On the 15th anniversary of his murder, a priest remembered

IT WAS ONLY IN 2000 that the then 55-year-old priest Andrea Santoro from Italy voluntarily went to Turkey to take care of the small Catholic community in Trabzon as a pastor. He worked there for less than six years, until on Feb. 5, 2006, he was shot by a fanatical 16-year-old Muslim while kneeling in prayer in his church. Two bullets pierced his heart and liver. All over the world, people were horrified by the murder.

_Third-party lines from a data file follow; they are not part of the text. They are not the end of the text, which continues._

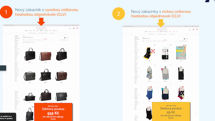 Tomáš Šalamoun, CEO z firmy Incomaker, hovořil o jejich nástroji, který vytváří inteligentní automatizaci digitálního marketingu. Sbírá data z e-shopů a webů a s využitím umělé inteligence automaticky nabízí produkty a obsah zákazníkům prostřednictvím řady kanálů, jako je email, SMS, sociální sítě, push notifikace a také personalizuje obsah samotného e-shopu. „Dokážeme personalizovat nabídky, individualizovat obsah a komunikovat pak napříč různými kanály a personalizovat e-shop. Zákazníkům jsme pak schopni víc prodat a vygenerovat víc konverzí, a to vše automaticky,“ popsal možnosti tohoto nástroje Šalamoun.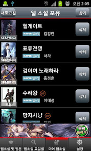 그리고 웹소설 웹툰 및 카툰 정보의 이미지와 함께 리스트로 쉽게 확인 할 수 있도록 되어 있으며 검색을 통해 자주보는 웹소설을 마이 웹소설에 추가하여 쉽게 볼 수 있도록 되어 있습니다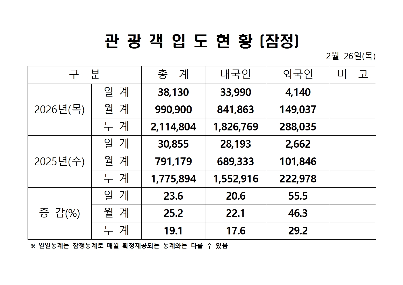 2026년 2월 26일(목) 관광객내도현황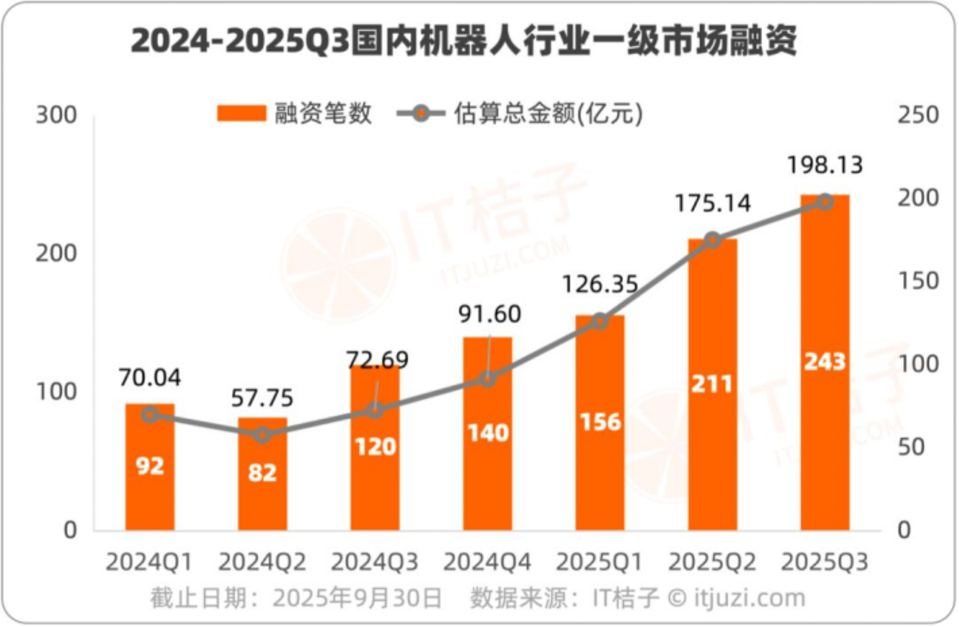 据 IT 桔子统计,2025 年前三季度,国内机器人行业融资事件达到了 610 笔,较去年同期翻倍增长。进入下半年以来,融资事件更呈现加速增长的态势,仅第三季度就有 243 笔。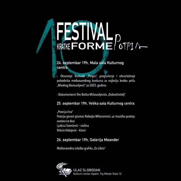 Културни центар Апатин ове године организује десети по реду Фестивал кратке форме „Потпис“ од 24. до 26. септембра.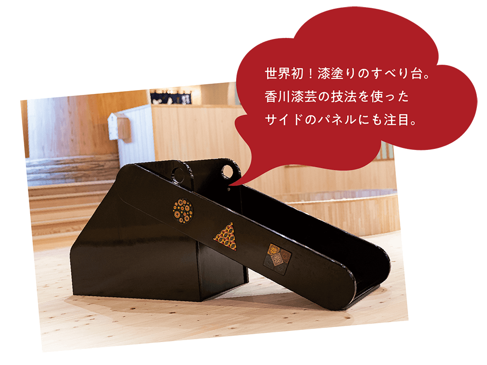 地域の子育て拠点であり、讃岐の伝統文化や豊かな自然の魅力を伝える情報発信拠点として、この春OPENしたばかりの注目スポット!まんのう町からやってきたシンボルツリーや17種の木が彩るエントランスを進むと、漆塗りのすべり台や盆栽をイメージした讃岐かがり手鞠の立体パズル、飯野山やため池をイメージしたオブジェなど、讃岐の風景や伝統文化を体感しながら楽しめる遊び場がいっぱい!遊びながら香川の魅力にたくさん触れられる、世界に1つだけの美術館へ出掛けよう!

“I remember him with particular affection. I had a long-standing friendship with him,” Italian Cardinal Enrico Feroci told Aid to the Church in Need in a video message marking the anniversary of his friend’s death.

Father Andrea Santoro
Father Andrea Santoro

Andrea Santoro was born in Priverno in the Lazio region in 1945. He was ordained priest in Rome in 1970¬, where he later led the parish of Gesù di Nazareth on the periphery of the capital. Both Cardinal Feroci and Father Santoro spent the longest period of their lives in Rome, and it was there that the future cardinal saw his friend for the last time, four days before he was murdered: “I had accompanied him to Fiumicino airport here in Rome, and we said goodbye. It was the last embrace of my friend before he left for Turkey.” Santoro had chosen to serve the Church in the Middle East because he felt that she was “a mother that should receive from the head Church (the Church of Rome) the needed respect and help.” Cardinal Feroci explains.

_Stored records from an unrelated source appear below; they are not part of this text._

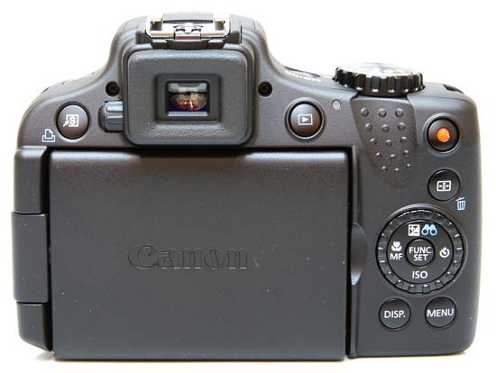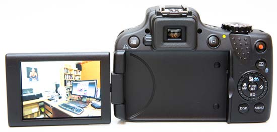 На обратной стороне располагаются: видоискатель, кнопка для записи видео, кнопка для просмотра отснятого материала, кнопка раскадровки, клавиши настройки дисплея и входа в меню. Также здесь расположился многофункциональный джойстик. На этой же стороне мы видим дисплей с поворотным механизмом. Сочетание поворотного дисплея и самой компактной зум-камеры, делает ее невероятно удобной в использовании.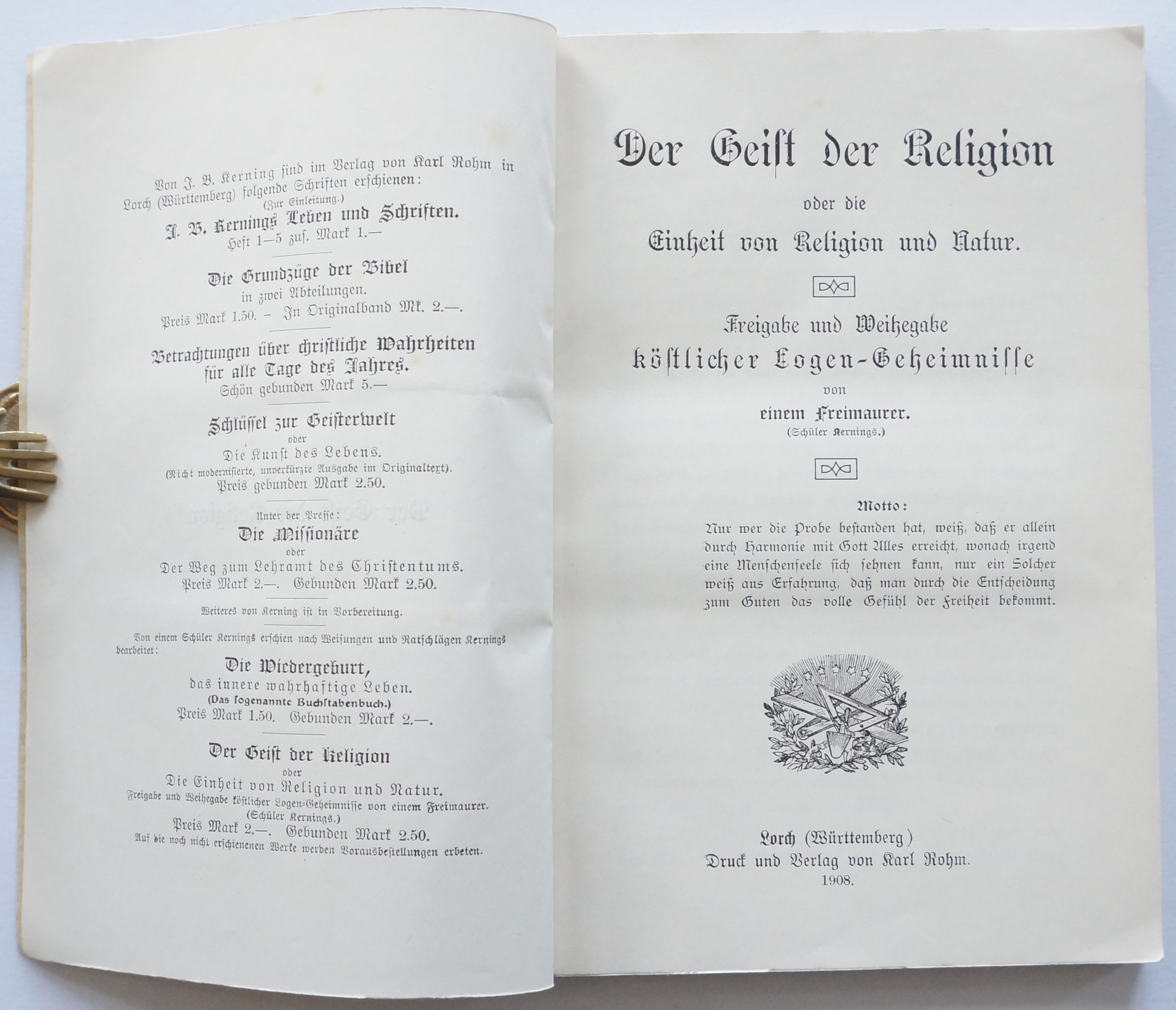 Der Geist der Religion oder die Einheit von Religion und Natur. Freigabe und Weihegabe köstlicher Logen-Geheimnisse von einem Freimaurer. (Schüler Kernings.) Lorch (Württemberg), Druck und Verlag von Karl Rohm 1908. 224 S. Schlichte neue Broschur.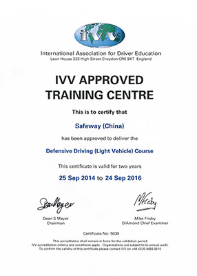 國際駕駛員培訓(xùn)協(xié)會(IVV)認(rèn)證的防御性駕駛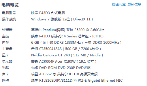 系统换64位不然只能识别2.9g,cpu很老了,e5700主频3.0ghz的才350元,显卡不是看内存的,商家经常拿内存说,就是糊你们,现在显卡出到gt800系列了,gt240淘汰了,但是这显卡玩lol绝对没问题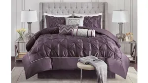 This beautifully tufted bed is from the Laurel bedding collection. Its deep plum coloring makes this set create a statement in your bedroom. The collection is made from 100% polyester polyoni and has pieced fabric sewn together to give this set dimension. It is finished with a smooth edge of fabric that creates a beautiful border around this comforter.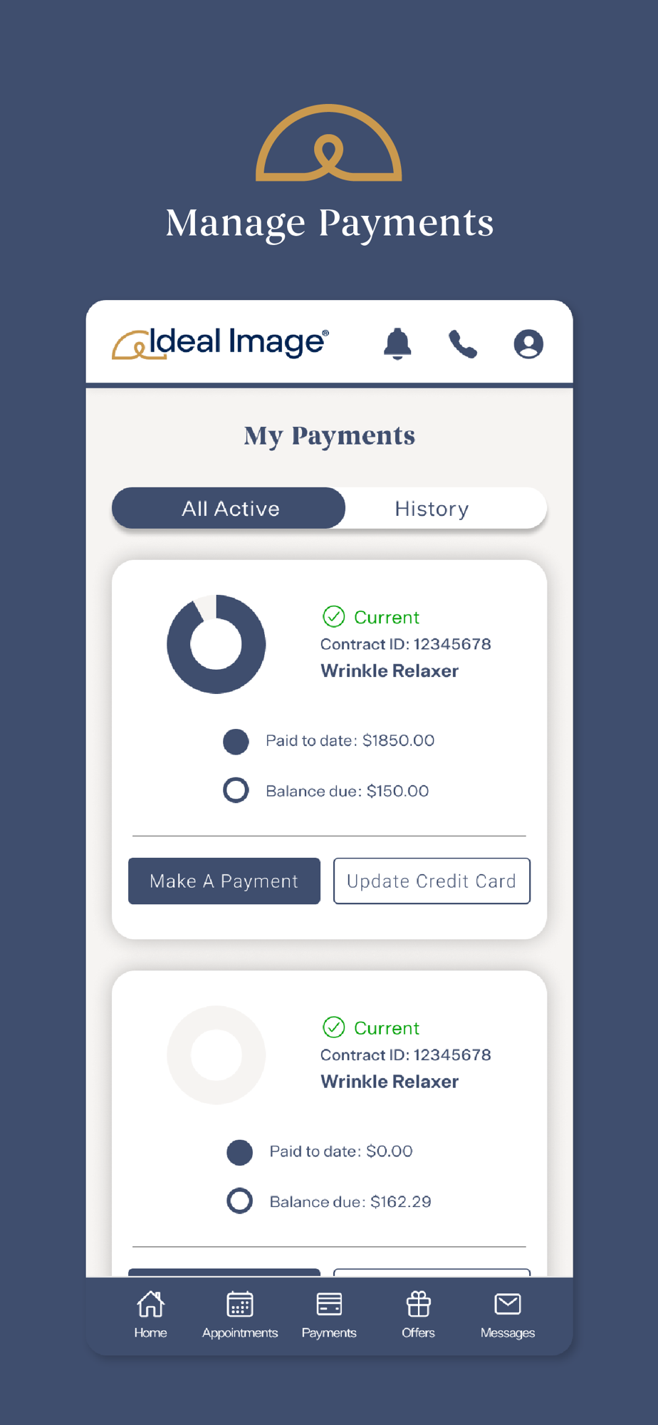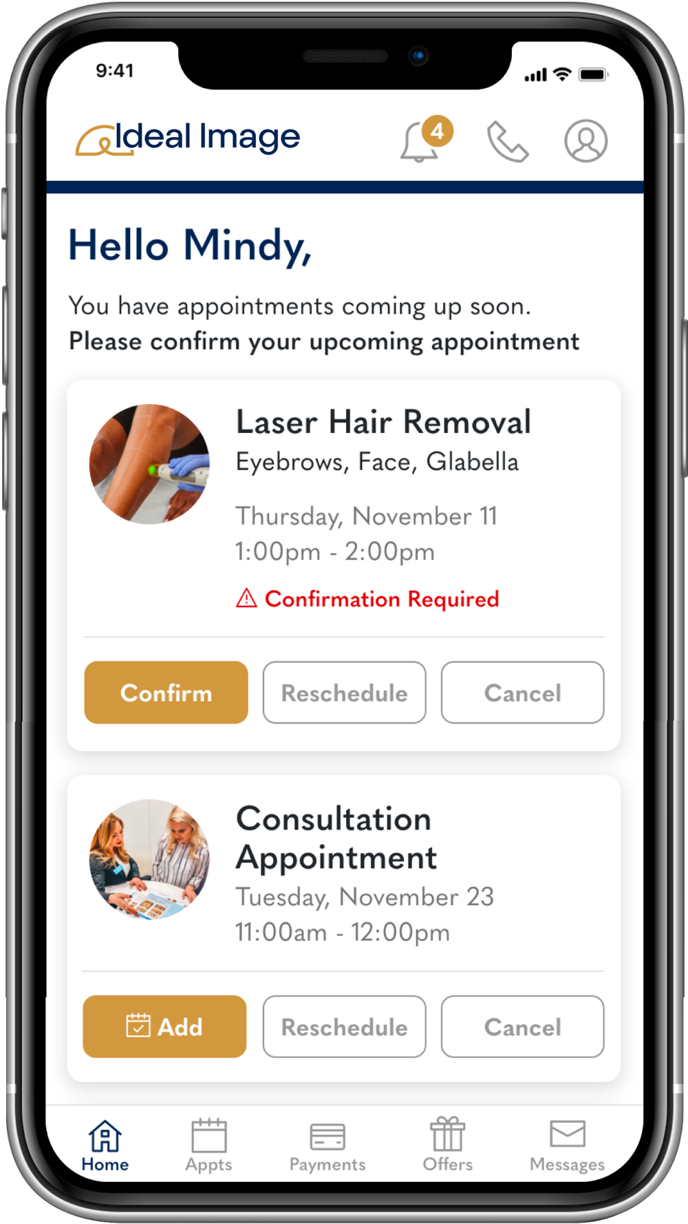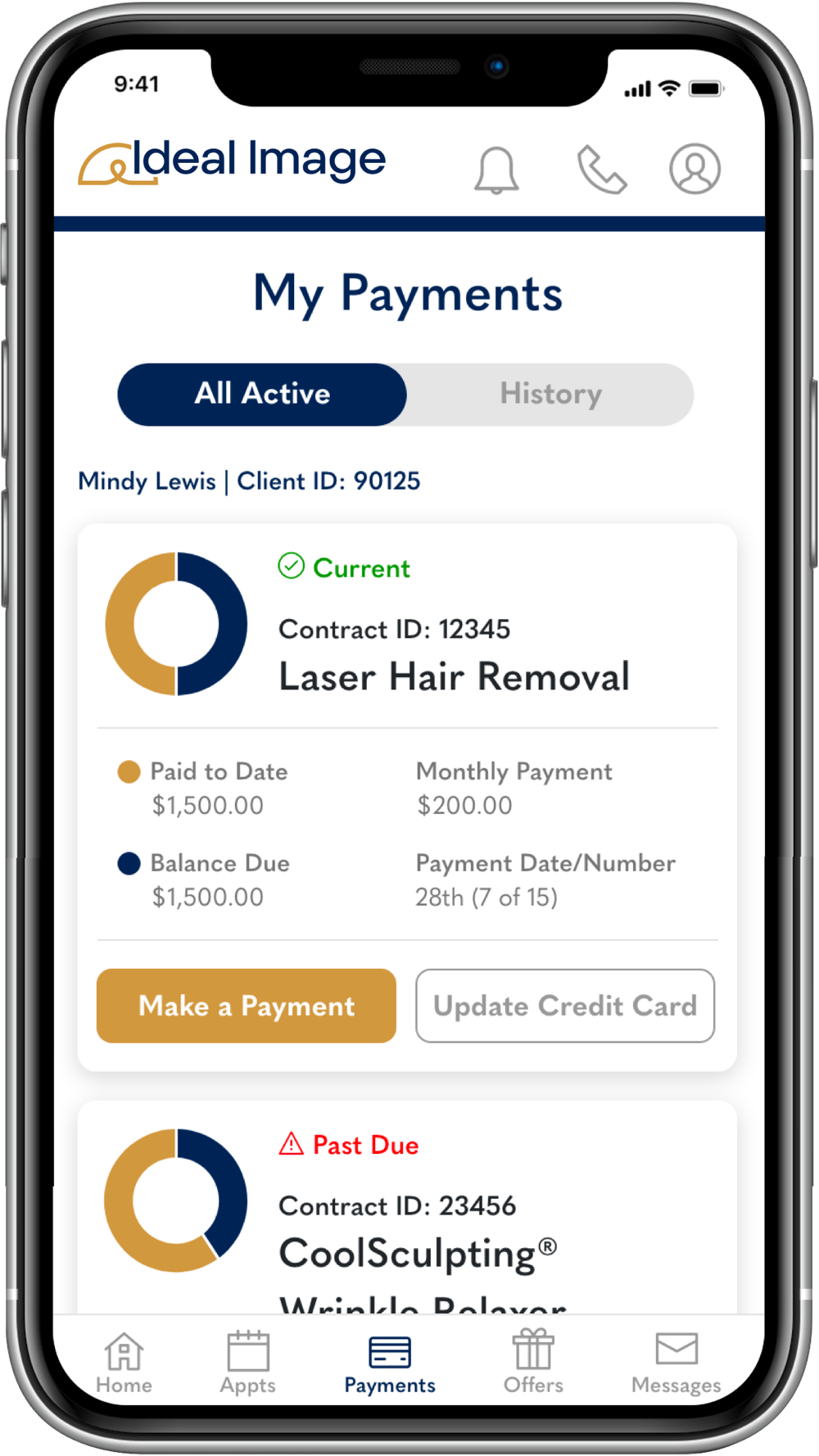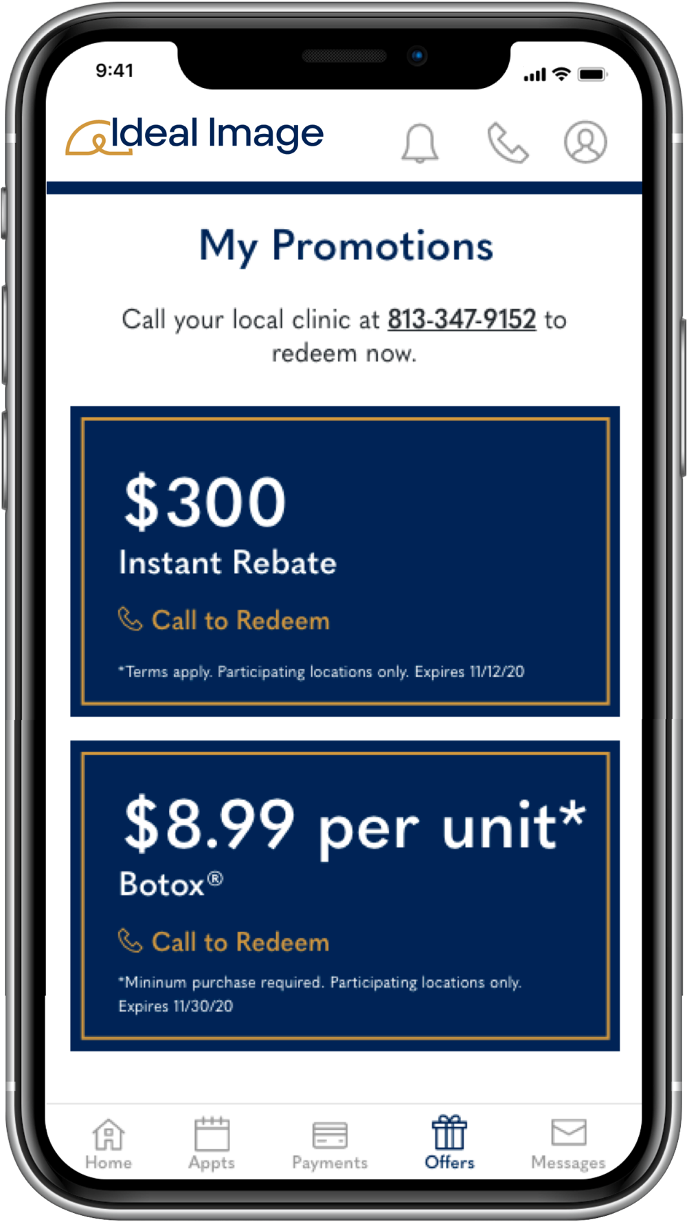 With the Ideal Image app, our clients can easily manage upcoming treatment appointments, make payments, and redeem promotional offers – all from a mobile device.

The dialogue of religions in Turkey was of great importance to the murdered priest: “Everywhere I have experienced interest and lively participation, as well as a sincere desire to understand and to forge bonds of fellowship,” he wrote shortly before his death; “by now, the tiny Christian community in Trabzon has come together every Sunday morning to celebrate the liturgy of the word. Twice a week the church has been opened to Muslims. The delicate candlelight illuminates the house, whereas with a lamp extinguished, all remains dark. May Jesus shine in us—with his Word, with his Spirit, with the power of his saints. May our lives be that wax which is willingly consumed.”

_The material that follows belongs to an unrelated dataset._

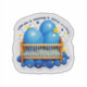 Blue balloons tied to a tiny crib, with toy trucks and stars around. Text in bold bubble font: “Little Prince Incoming!”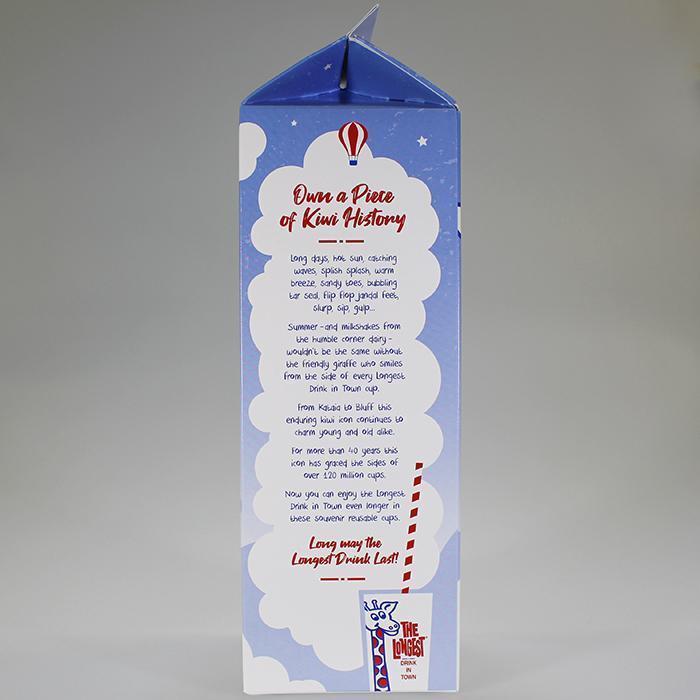 Kiwis have been sipping their corner diary milkshakes from paper versions of these cups since 1968 – our plastic ones are the same size, but made of tough plastic so you can enjoy your Longest Drink In Town for longer!Friends and family will love this iconic cup set. Perfect for that housewarming, birthday or Christmas gift or for those just passionate about all things Kiwi!The set includes four tough plastic milkshake cups in a souvenir milk carton.Dimensions – 17.5cm h x 9.5cm w*Features:** Set of 4* BPA Free* Made in New Zealand

The news of Santoro’s death was a great shock, but Cardinal Feroci does not fall into despair: “I believe in what our forefathers used to say, ‘The blood of the martyrs is the seed of Christianity.’ I believe that the profound witness of faith of Father Andrea’s priestly life—lived in respect and love of neighbors—will bear fruits of opening, in the sense that people will be more willing to listen to the Word of God and to serve their brothers and sisters.”